» **EXERCISE PROMPT**: The records must be retyped exactly, with no pictures included.

**** AVAILABLE DATA

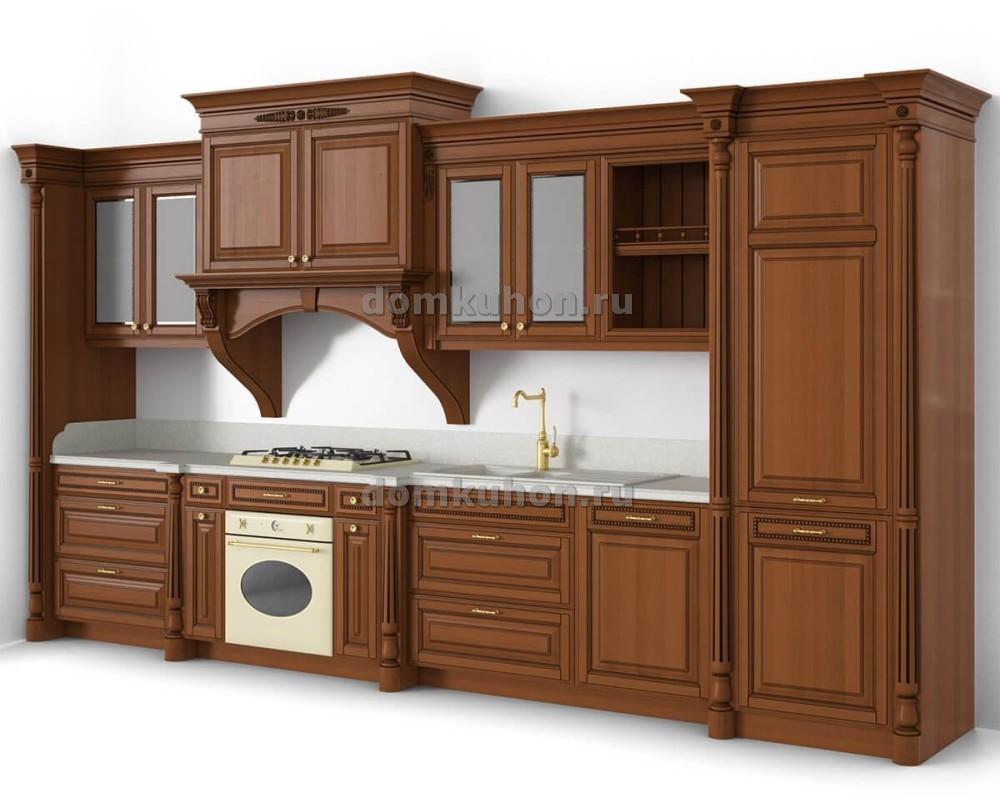 "Франческо" - это синоним традиционного вкуса и роскошной изысканности. Эта прямая кухня, выполненная в насыщенных оттенках благородного каштана, источает тепло и элегантность классического дизайна. Сочетание плавных линий шкафов и роскошных золотистых ручек добавляет интерьеру статусности. Идеальна для любителей винтажа и безвременного стиля, эта кухня превратит приготовление пищи в настоящее искусство.
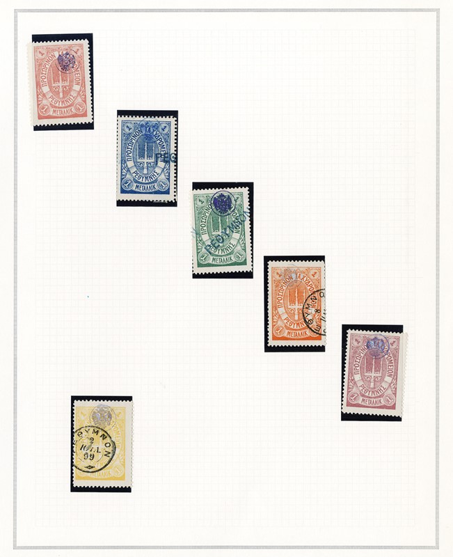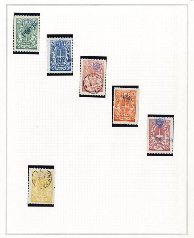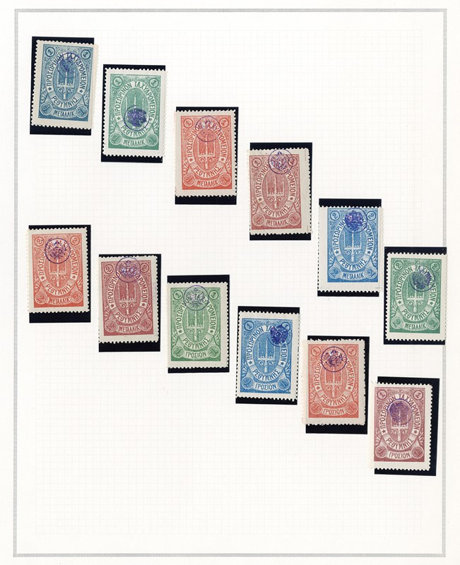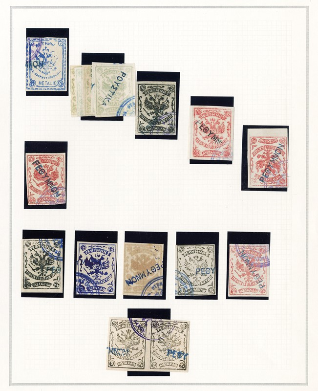 1899 - TERRITORI GRECI - CRETA - UFFICIO POSTALE RUSSO: avanzata collezione delle emissioni russe di Rethymno, compresi i rari valori in colore nero (nuovi e annullati) e le coppie non dentellate dei tre valori in viola, verde e arancione (stima oltre Euro 19.000)
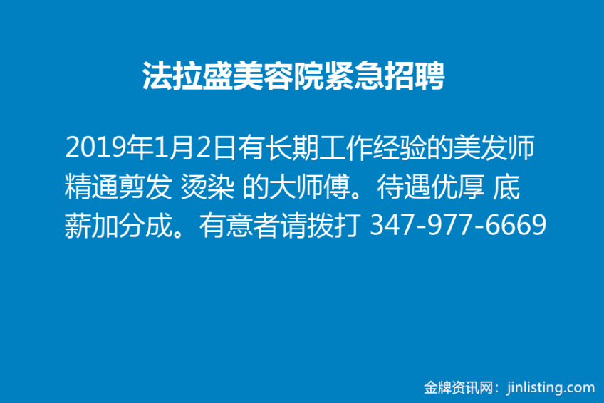 法拉盛美容院紧急招聘 有长期工作经验的美发师 精通剪发 烫染 的大师傅。待遇优厚 底薪加分成。有意者请拨打 347-977-6669
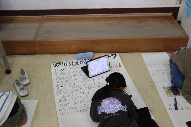 3年総合「ぶどうフェス」に向けて、一人ひとりの「伝えたい」を形にしています。10月からスタートした学習は、まず、学級の中でこれまでの学びをどのように発信していくかを考え、次に、伝えたいことを分担しタブレット端末に文章でまとめていきました。個人で行うかグループで行うかも自分たちで考えます。インタビューだけでは足りない部分は、本やインターネット、友達や先生と相談しながらみんな一生懸命に取り組んでいます。今日は、出来上がったものを模造紙にまとめる作業したり、出来上がった子たちは、学びを歌やダンス、マスコットを制作へを学びを進めたりしています。
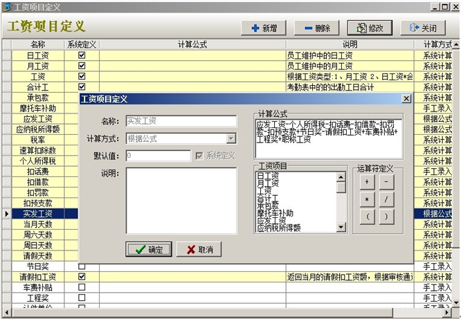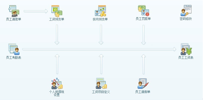 除此之外,還有根據(jù)系統(tǒng)中各業(yè)務(wù)單據(jù)自動計算的扣工資預(yù)支、扣員工借款、扣罰款、員工請假單中請假扣工資等,還有需要手工添加的在工資項(xiàng)目定義中各種扣款、補(bǔ)助等。
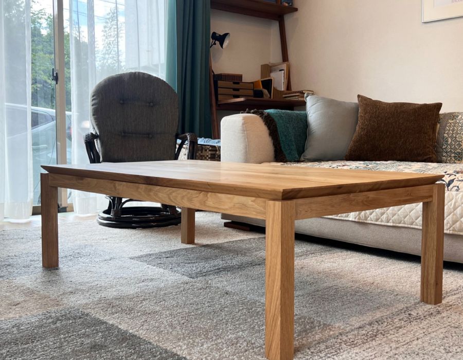 冬はこたつテーブルとして、暖かくなったら布団はしまってリビングテーブルとして。一年中活躍できる、こだわりのこたつテーブルです◎
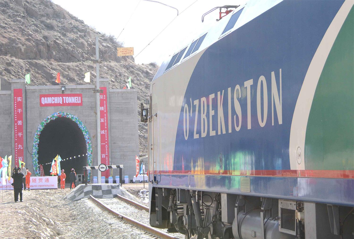 2016年2月27日,一列專列停在烏茲別克斯坦安格連-帕普鐵路卡姆奇克隧道進(jìn)口。新華社記者 沙達(dá)提 攝
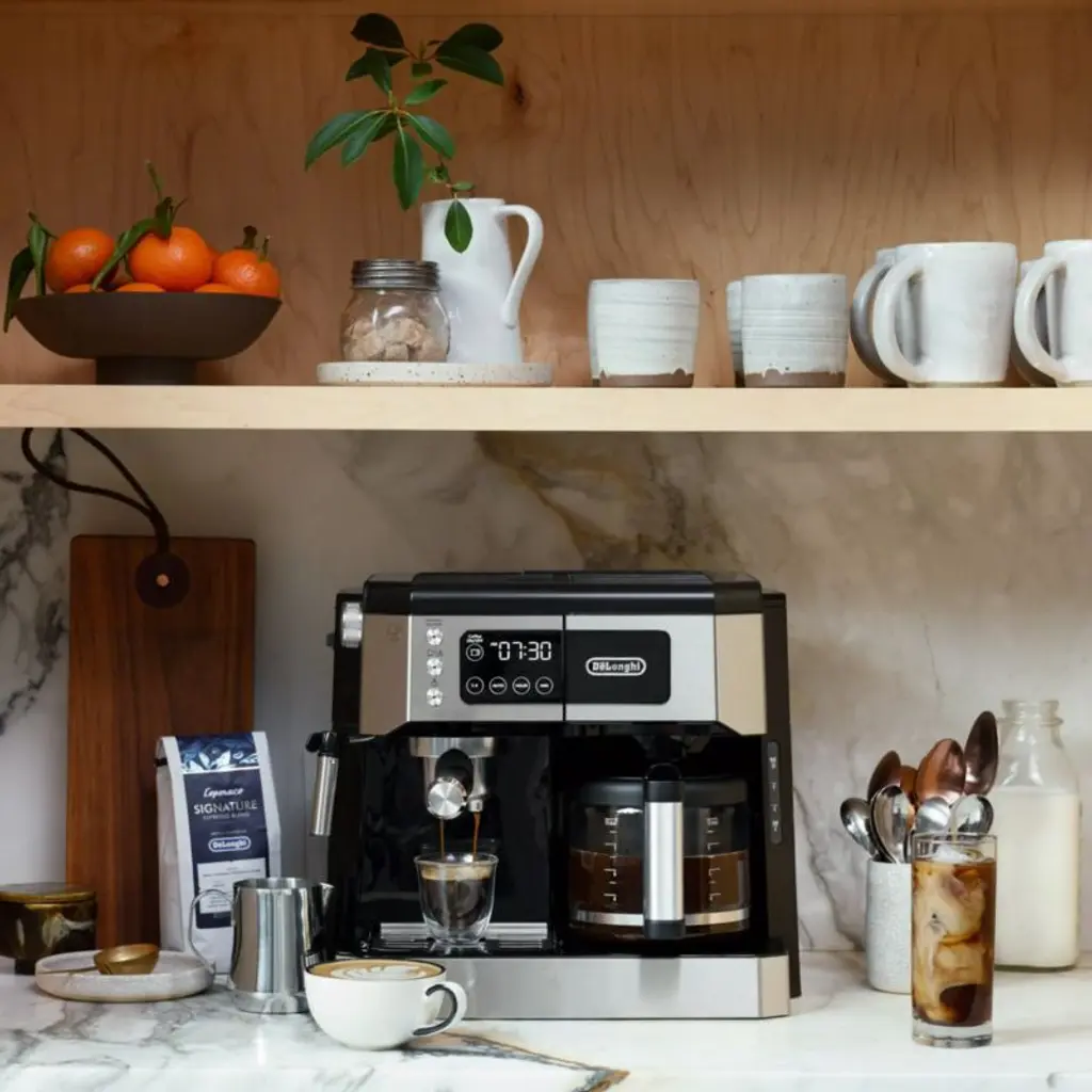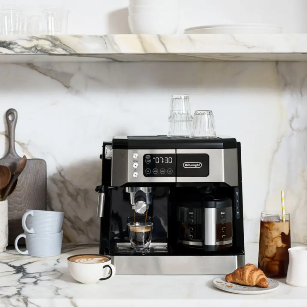 This coffeemaker's dual heating system brews coffee and espresso at once for the best of both worlds in no time. The pump's 15 bars of pressure ensure rich, authentic Italian flavor, while the advanced steam and frothing wands enable you to tap your inner barista to craft frothy lattes and cappuccinos. And thanks to its 24-hour programmable timer and digital touchscreen, you can wake to the smell of fresh, brewed coffee and customize every beverage to your exact liking.
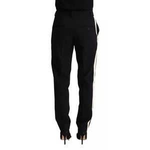Dolce & Gabbana Black White Stripes Wool Tapered Pants
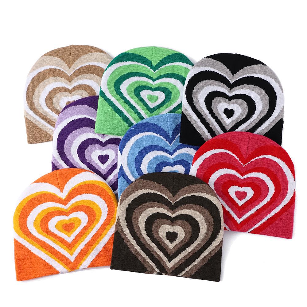 Gorro de punto de otoño e invierno europeo y americano, gorro de lana creativo de amor a la moda para hombre, gorro de jersey cálido y transpirable a prueba de frío para mujer, venta al por mayor
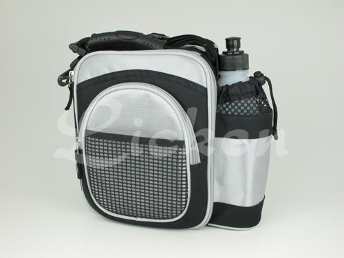 Specification: - 7-1/4'' x 9-1/4'' x 4-1/2''- Front zippered compartment, mesh pocket and one large main zippered compartment- Plastic wrapped handle and removable shoulder strap- Bottle/wrap included (capacity: 20 oz/550ml)
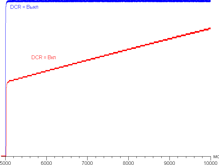 При включении режима DCR с динамическим управлением яркости установившаяся контрастность формально возрастает до бесконечности, так как на черном поле во весь экран подсветка выключается совсем через 11 секунд. Впрочем, уже курсора мыши достаточно для включения подсветки. График ниже показывает, как увеличивается яркость (вертикальная ось) при переключении с черного поля (после пяти секунд вывода) на белое при выключенной и включенной динамической подстройке яркости:
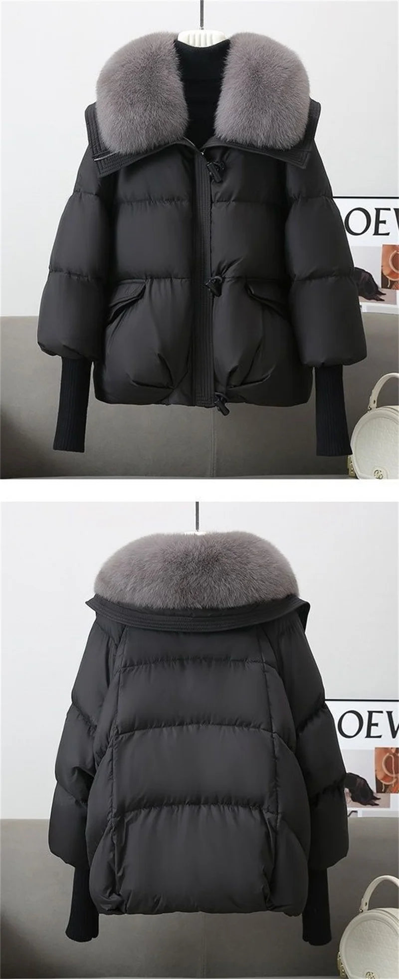 Neckline: Oversized wool collar adds cozy elegance and extra insulation
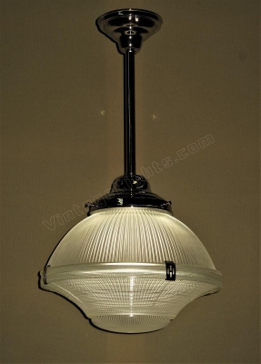 Several available, all in excellent condition. From a Catholic church gymnasium in Wisconsin. These are the largest we have seen in this 3 piece variety at 14 inches across. The two 1/2 spheres are held together with 4 metal clips (original) and the original bottom lens is on each. The removable bottom lens is 6 1/4" across and designed to be easily removed to access changing the bulb. This original bottom lens is often missing, but not on these. Holophane shades are known for their incredible clarity and shine. They sparkle when lit like no other, probably one reason Holophane is still in business today. They have patented prismatic ribs all along the inside and outside which softens and diffuses the harsh light produced by light bulbs, causing the refracted light to be pleasing to the eye. There are also bands of wavy rings on the inside upper third of each shade. Holophane was the industry leader on light refracting technology and each rib of glass is precisely place to disperse the light in exactly the manner wanted. These came out of their gym and can handle up to 250 watts each. The shade itself is only is 10 inches high. Perfect for today's modern kitchens or baths. Shown on a new nickel pole fitter. We have a couple of options for mounting the shades including pole or chain hung in Nickel. No additional charge for any option up to a 24 inch drop. Rewired to UL standards and comes with a heavy duty mounting bracket (except the original flush mount fitter).
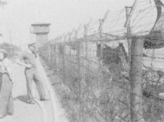 "The prisoners live in shacks about 150 feet by 75 feet. Some of them have double-tiered bunks and some have none at all, Six to eight hundred people live in each hut. One hut had 1250 living in it.

********

» **RESULT**:
 "Франческо" - это синоним традиционного вкуса и роскошной изысканности. Эта прямая кухня, выполненная в насыщенных оттенках благородного каштана, источает тепло и элегантность классического дизайна. Сочетание плавных линий шкафов и роскошных золотистых ручек добавляет интерьеру статусности. Идеальна для любителей винтажа и безвременного стиля, эта кухня превратит приготовление пищи в настоящее искусство.
 1899 - TERRITORI GRECI - CRETA - UFFICIO POSTALE RUSSO: avanzata collezione delle emissioni russe di Rethymno, compresi i rari valori in colore nero (nuovi e annullati) e le coppie non dentellate dei tre valori in viola, verde e arancione (stima oltre Euro 19.000)
 法拉盛美容院紧急招聘 有长期工作经验的美发师 精通剪发 烫染 的大师傅。待遇优厚 底薪加分成。有意者请拨打 347-977-6669
 3年総合「ぶどうフェス」に向けて、一人ひとりの「伝えたい」を形にしています。10月からスタートした学習は、まず、学級の中でこれまでの学びをどのように発信していくかを考え、次に、伝えたいことを分担しタブレット端末に文章でまとめていきました。個人で行うかグループで行うかも自分たちで考えます。インタビューだけでは足りない部分は、本やインターネット、友達や先生と相談しながらみんな一生懸命に取り組んでいます。今日は、出来上がったものを模造紙にまとめる作業したり、出来上がった子たちは、学びを歌やダンス、マスコットを制作へを学びを進めたりしています。
 除此之外,還有根據(jù)系統(tǒng)中各業(yè)務(wù)單據(jù)自動計算的扣工資預(yù)支、扣員工借款、扣罰款、員工請假單中請假扣工資等,還有需要手工添加的在工資項(xiàng)目定義中各種扣款、補(bǔ)助等。
 冬はこたつテーブルとして、暖かくなったら布団はしまってリビングテーブルとして。一年中活躍できる、こだわりのこたつテーブルです◎
 2016年2月27日,一列專列停在烏茲別克斯坦安格連-帕普鐵路卡姆奇克隧道進(jìn)口。新華社記者 沙達(dá)提 攝
 This coffeemaker's dual heating system brews coffee and espresso at once for the best of both worlds in no time. The pump's 15 bars of pressure ensure rich, authentic Italian flavor, while the advanced steam and frothing wands enable you to tap your inner barista to craft frothy lattes and cappuccinos. And thanks to its 24-hour programmable timer and digital touchscreen, you can wake to the smell of fresh, brewed coffee and customize every beverage to your exact liking.
Dolce & Gabbana Black White Stripes Wool Tapered Pants
 Gorro de punto de otoño e invierno europeo y americano, gorro de lana creativo de amor a la moda para hombre, gorro de jersey cálido y transpirable a prueba de frío para mujer, venta al por mayor
 Specification: - 7-1/4'' x 9-1/4'' x 4-1/2''- Front zippered compartment, mesh pocket and one large main zippered compartment- Plastic wrapped handle and removable shoulder strap- Bottle/wrap included (capacity: 20 oz/550ml)
 При включении режима DCR с динамическим управлением яркости установившаяся контрастность формально возрастает до бесконечности, так как на черном поле во весь экран подсветка выключается совсем через 11 секунд. Впрочем, уже курсора мыши достаточно для включения подсветки. График ниже показывает, как увеличивается яркость (вертикальная ось) при переключении с черного поля (после пяти секунд вывода) на белое при выключенной и включенной динамической подстройке яркости:
 Neckline: Oversized wool collar adds cozy elegance and extra insulation
 Several available, all in excellent condition. From a Catholic church gymnasium in Wisconsin. These are the largest we have seen in this 3 piece variety at 14 inches across. The two 1/2 spheres are held together with 4 metal clips (original) and the original bottom lens is on each. The removable bottom lens is 6 1/4" across and designed to be easily removed to access changing the bulb. This original bottom lens is often missing, but not on these. Holophane shades are known for their incredible clarity and shine. They sparkle when lit like no other, probably one reason Holophane is still in business today. They have patented prismatic ribs all along the inside and outside which softens and diffuses the harsh light produced by light bulbs, causing the refracted light to be pleasing to the eye. There are also bands of wavy rings on the inside upper third of each shade. Holophane was the industry leader on light refracting technology and each rib of glass is precisely place to disperse the light in exactly the manner wanted. These came out of their gym and can handle up to 250 watts each. The shade itself is only is 10 inches high. Perfect for today's modern kitchens or baths. Shown on a new nickel pole fitter. We have a couple of options for mounting the shades including pole or chain hung in Nickel. No additional charge for any option up to a 24 inch drop. Rewired to UL standards and comes with a heavy duty mounting bracket (except the original flush mount fitter).
 "The prisoners live in shacks about 150 feet by 75 feet. Some of them have double-tiered bunks and some have none at all, Six to eight hundred people live in each hut. One hut had 1250 living in it.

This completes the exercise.